Patient has a few weeks to live and this is purely palliative? No problem.

Is there a benefit to protons? No way. But, the patient wants it and it's certainly not worse and insurance will pay for it, so we're giving protons.

Anything is good enough justification as long as the center can get paid (20% medicare co-pay, cash pay, or attempt lengthy series of arguments with insurance).

Those debt payments won't service themselves!

 

[thecarbonionangle]

No, just to fill out. I'm sure there is no intention to publish anything. It's just a way to remind people that there is a proton facility happy to see your patients via teleconference.

Chuck Simone is coming for your patients brotha!

 

[evilbooyaa]

Anecdotal descriptions from a century ago before penicillin may be of interest to some but hardly germane to 21st century medicine.
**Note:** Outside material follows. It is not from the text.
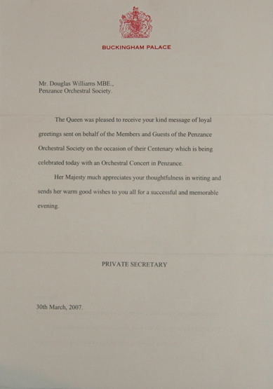 Judith Bailey recieves from Douglas - the letter from the Queen to mark the

None of these patients were on ventilators. Read the paper.

"Eligible patients were hospitalized, had radiographic pneumonic infiltrates, required supplemental oxygen, and were clinically deteriorating."

Clinical deterioration is not defined. When the treaters are allowed to determine whether the treatment worked (without providing specific criteria) i am very skeptical.

This is not a guaranteed terminal illness even in older people.

BTW already some examples of scientific misconduct with COVID although not (yet) as bad as the South African fraudster.

https://www.nejm.org/doi/full/10.1056/NEJMe2020822?query=featured_home

https://www.thelancet.com/journals/lancet/article/PIIS0140-6736(20)31290-3/fulltext

I've reflected a little bit more on this study.

While I agree with you on this, this has at least silenced me from saying "this is not even worthy of looking at" as I was previously saying. I would not start using this on every COVID-19 nonagerian that's circling the drain but not intubated, but if academic places want to continue evaluating this, and keep their conclusions in check and don't editorialize the data (which is asking a lot of the authors as well as the twitterati that over-reacts to any study results), then I'm now on board with them.

 

[Chartreuse Wombat]

I've reflected a little bit more on this study.

While I agree with you on this, this has at least silenced me from saying "this is not even worthy of looking at" as I was previously saying. I would not start using this on every COVID-19 nonagerian that's circling the drain but not intubated, but if academic places want to continue evaluating this, and keep their conclusions in check and don't editorialize the data (which is asking a lot of the authors as well as the twitterati that over-reacts to any study results), then I'm now on board with them.

I am not opposed to investigating the effects of LD-RT on COVID19. My point was that the data provided in the manuscript was insufficient to draw any conclusions.

 

[Mandelin Rain]

I drew a conclusion that it didn't kill people instantly and that more people improved, and more quickly than I'd expect given the population. Gotta start somewhere. I'd say those results were as encouraging as one could hope for.